Valentina Zagaria, PhD candidate in Social Anthropology at London School of Ec - Wednesday 18th April, 4-6 pm, at University Place 2.217
|Dates:||18 April 2018|
|Times:||16:00 - 18:00|
|What is it:||Seminar|
|Organiser:||School of Social Sciences|
Title of the event:
Visiting Postgraduate Seminar
Department of Anthropology, University of Manchester
Valentina Zagaria, PhD candidate in Social Anthropology at London School of Economics.
Date and Time:
Wednesday 18th April, 4-6 pm, at University Place 2.217
Title and abstract of the seminar:
The Clandestine Cemetery: Responsibility, Empathy and the Work of Dignity in a Tunisian Border Town
The question of how and where to bury unknown persons victims of the EU border has come to the fore in recent years in Tunisia, as citizens are now able to have an open discussion about how this is being addressed by the authorities – something they were unable to do during the Ben Ali dictatorship. Yet everyone involved in these burials locally – the police, coast guards, fire fighters, doctors, Red Crescent volunteers, municipality employees – agree that the way in which these dead persons are being buried is “wrong”: it is neither dignified nor respectful to the dead. The cemetery of unknown persons is located in an isolated area on the outskirts of Zarzis, on a terrain that used to serve as a garbage dump.

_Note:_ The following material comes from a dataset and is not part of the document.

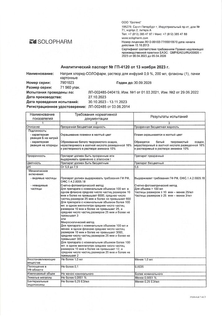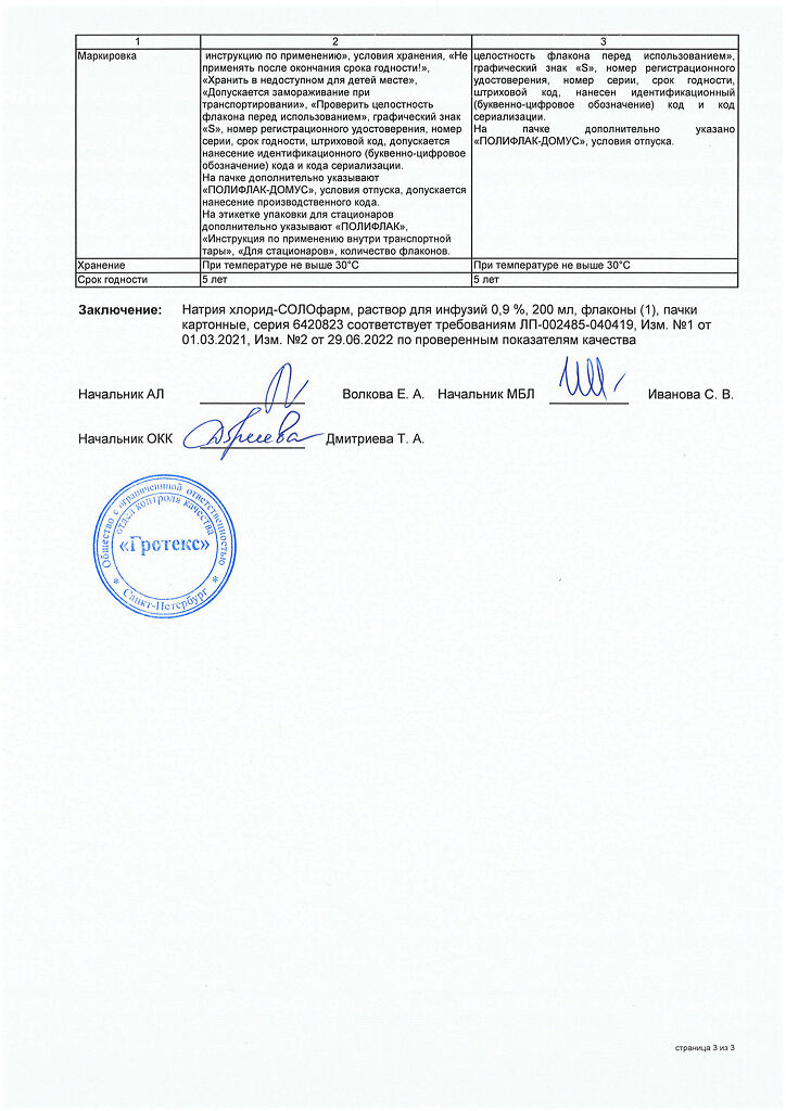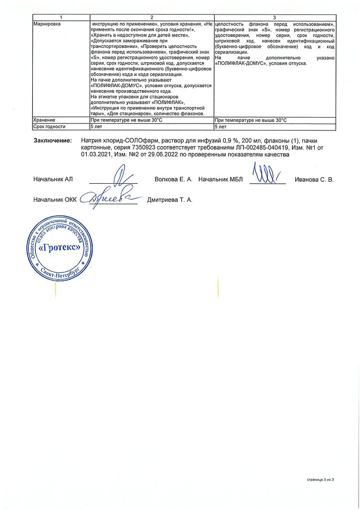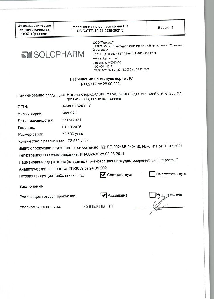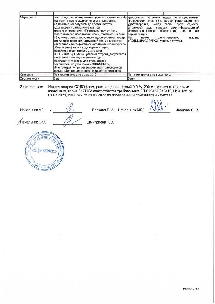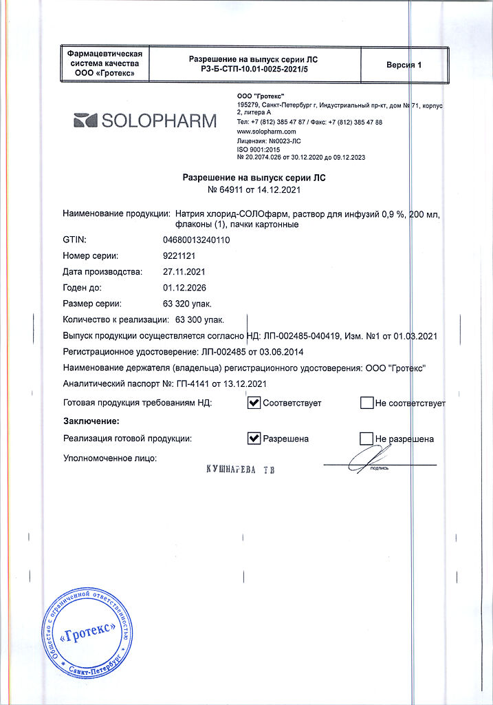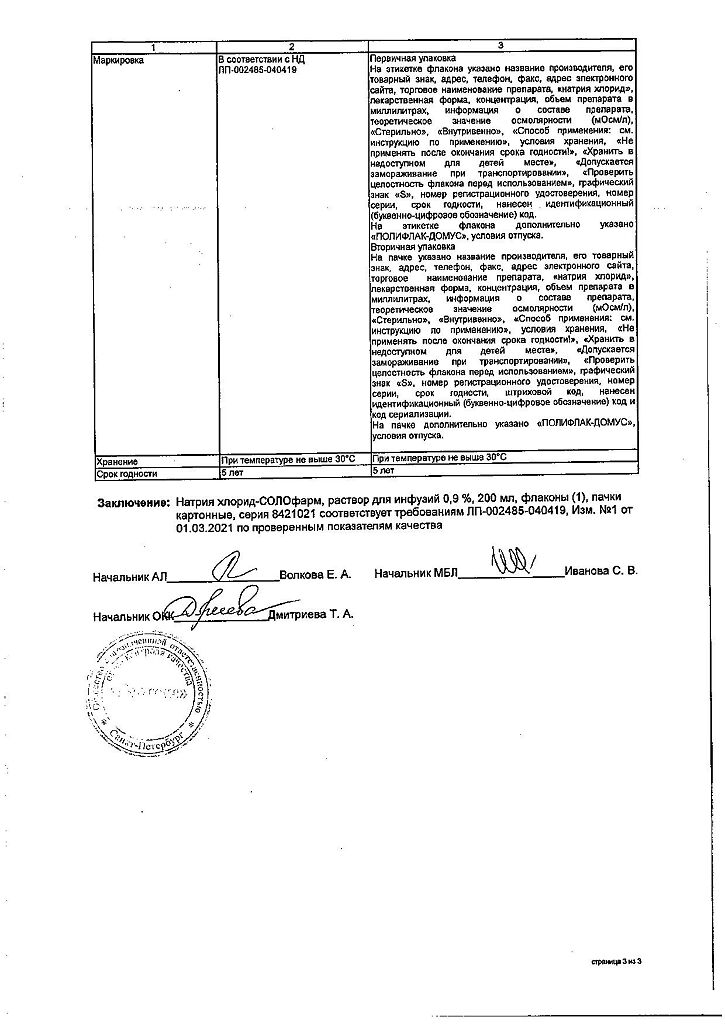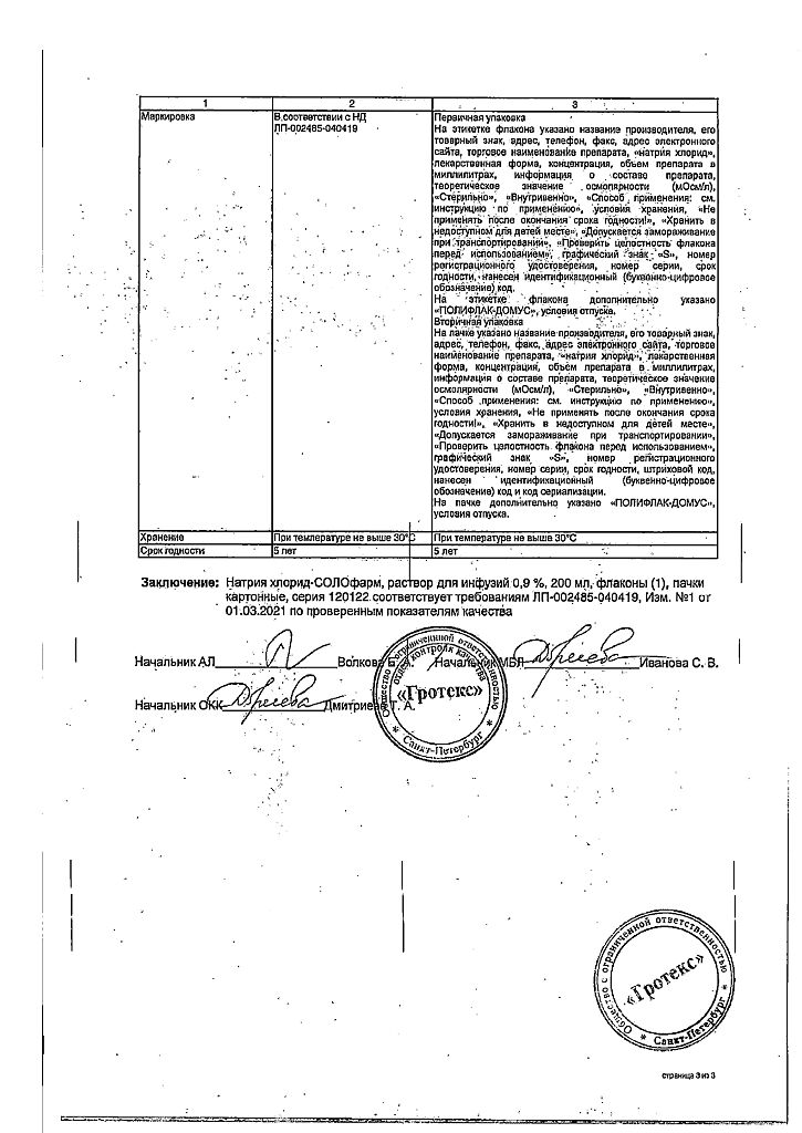 Натрия хлорид-СОЛОфарм Домус раствор для инфузий 0,9 % 200 мл фл 1 шт

The land in this area is a sebkha, a marsh, deemed particularly inappropriate for providing the dead with a stable resting ground. Local authorities claim it was the only place they had available. The cemetery is not signalled, nor is it enclosed by a fence. If a visitor were to venture there without someone who knows where it is located it would be almost impossible to find, as it is indistinguishable from the continuum of olive trees and piles of rubbish that surround it. This paper will explore how my interlocutors make sense of the mismanagement of these burials, and how despite a lack of means they work to humanise and dignify these human remains. By focusing on how this locally perceived peripheral and yet uncomfortable issue is addressed, I will think through what these understandings and actions may tell us about who and what is to be mourned, what a dignified death may entail and, by contrast, a dignified life.